Quand les sirènes interrompent la science
Alors que les échanges se déroulaient dans une atmosphère studieuse et conviviale, les sirènes d’alerte aérienne ont retenti à 2 reprises. À chaque fois, nous avons dû interrompre la conférence pour rejoindre en urgence un refuge anti-bombes.
Ces moments ont suscité en moi des émotions intenses. Descendre dans un abri souterrain alors que l’on participe à une conférence universitaire est une expérience qui dépasse l’imagination de ceux qui vivent loin du conflit. Cette réalité, je ne l’avais jusqu’alors observée qu’à travers les médias. La vivre personnellement m’a permis de mieux comprendre les conditions actuelles de l’Ukraine et les défis quotidiens auxquels les Ukrainiens sont confrontés depuis le début de l’agression russe.
Sur le chemin menant au refuge, une question me traversait l’esprit. J’ai alors demandé à notre hôte si les frappes russes visaient uniquement des objectifs militaires. Sa réponse fut aussi simple que percutante : « Que faut-il en penser lorsque nous sommes obligés, avec des étudiants et des chercheurs, de descendre dans un abri anti-bombes alors que nous discutons de science ? »
Cette interrogation résume à elle seule la réalité d’un pays où la guerre s’invite jusque dans les amphithéâtres, les salles de conférence et les espaces dédiés au savoir.
Le courage d’informer malgré la guerre

Cette visite a également été marquée par la présence d’une importante délégation de journalistes africains. Je tiens à saluer le courage et le professionnalisme de mes confrères venus de plusieurs pays du continent. Leur décision de se rendre en Ukraine en cette période particulièrement difficile témoigne d’un véritable engagement envers la recherche de la vérité et la compréhension des réalités du terrain.

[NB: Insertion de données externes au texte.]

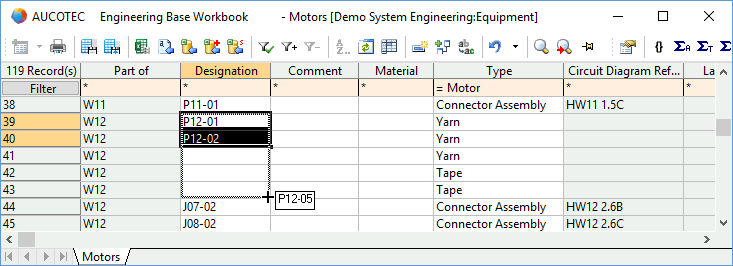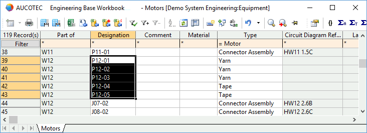 If you want to copy a material to other objects by dragging down the selected material cell in the Material column, you can define how the data is to be copied by making settings under Database Properties/Worksheets.
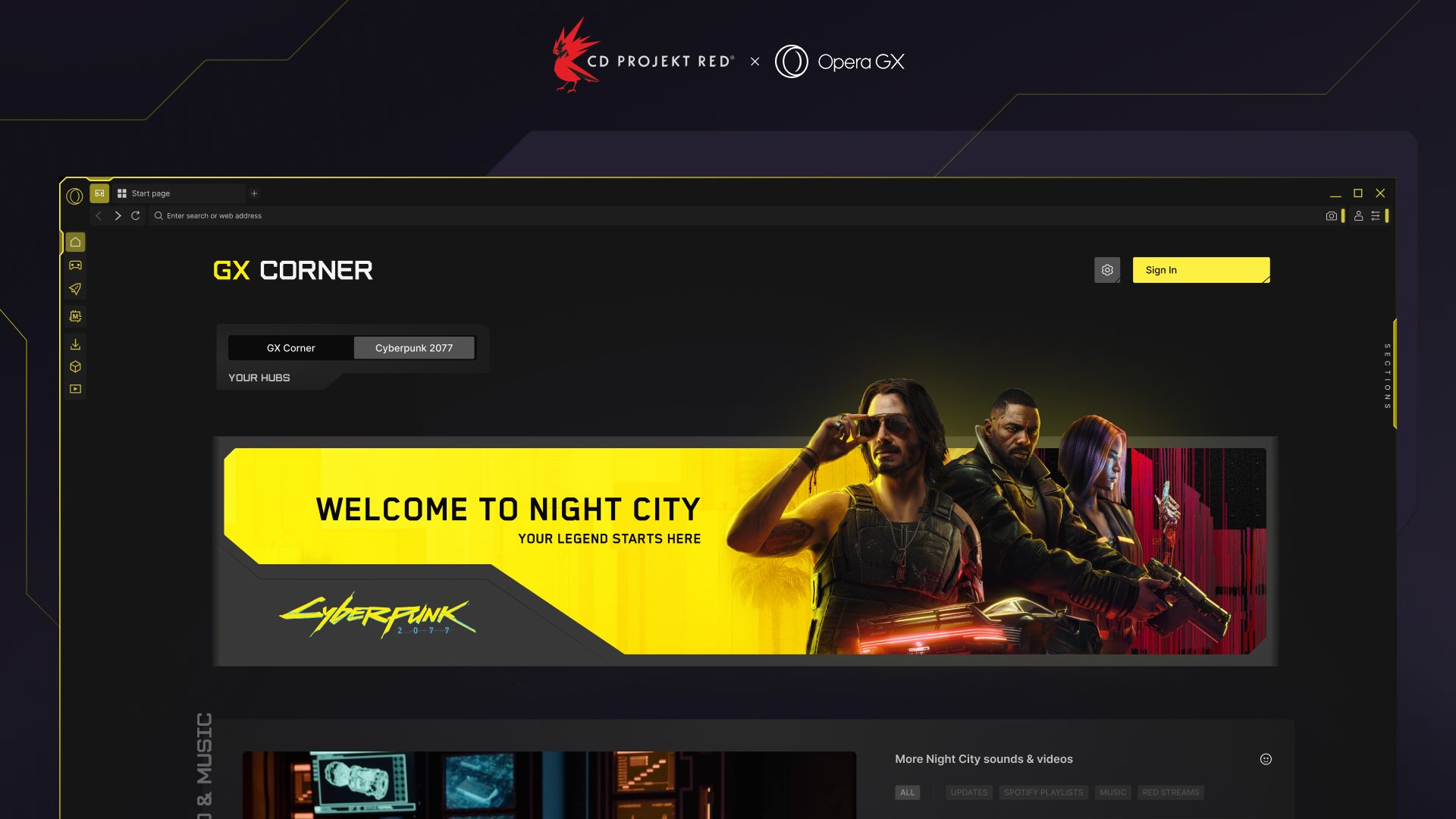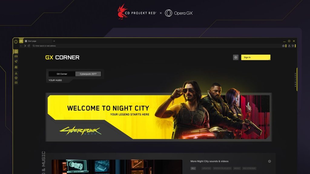 Comenzando con el hub de Cyberpunk 2077, esta nueva incorporación a Opera GX acerca a los jugadores a sus títulos favoritos como nunca antes, lo cual les permite usar la web sin salir de Night City. Ahora pueden navegar con la banda sonora completa de Cyberpunk 2077 en el fondo, tener páginas web mostradas en el estilo visual distópico de Cyberpunk 2077 y obtener acceso directo a livestreams, guías de modding, noticias del juego y mucho más, todo dentro de la interfaz del navegador.

Choisir de visiter un pays en guerre ne relève pas seulement du devoir professionnel ; cela exige aussi une part importante de courage personnel. Leur détermination à voir l’Ukraine de leurs propres yeux mérite d’être reconnue.
Cette visite m’a permis de découvrir une autre facette de l’Ukraine : celle d’un peuple qui continue d’enseigner, de rechercher, d’innover et de dialoguer avec le monde malgré les menaces permanentes. J’espère sincèrement que cette expérience contribuera à une meilleure compréhension des réalités que vivent quotidiennement les Ukrainiens et renforcera les liens entre l’Afrique et l’Ukraine dans les domaines de l’éducation, de la recherche et de la coopération internationale.
Une expérience qui rapproche l’Afrique et l’Ukraine

Au cours de cette tournée de presse, des journalistes venus du Bénin, de la République démocratique du Congo, du Cameroun, de la Côte d’Ivoire, de la Mauritanie, du Sénégal et du Togo ont eu l’opportunité de couvrir les activités organisées à l’Université nationale Taras-Chevtchenko de Kyiv et de découvrir de près la réalité ukrainienne. Leur présence a donné à cette mission une dimension véritablement panafricaine, favorisant les échanges d’expériences et le partage de regards sur les défis contemporains auxquels fait face l’Ukraine.
Je tiens également à exprimer ma profonde gratitude à Saleck Zeid, Josiasse Assemon, Arnauld Kassouin, Aliya, Mohamed Diop, Robert Kra, Bernadette Ayelo Ablavi Ayibe, Paul Joel Kamtchang, Mor Amar, Eddy Tshiala Katala qui ont participé à cette tournée de presse en Ukraine. Leur professionnalisme, leur courage et leur volonté de témoigner des réalités du terrain ont contribué au succès de cette mission et à une meilleure compréhension mutuelle entre nos peuples. Ensemble, nous avons vécu une expérience marquante qui restera gravée dans nos mémoires bien au-delà de ce voyage.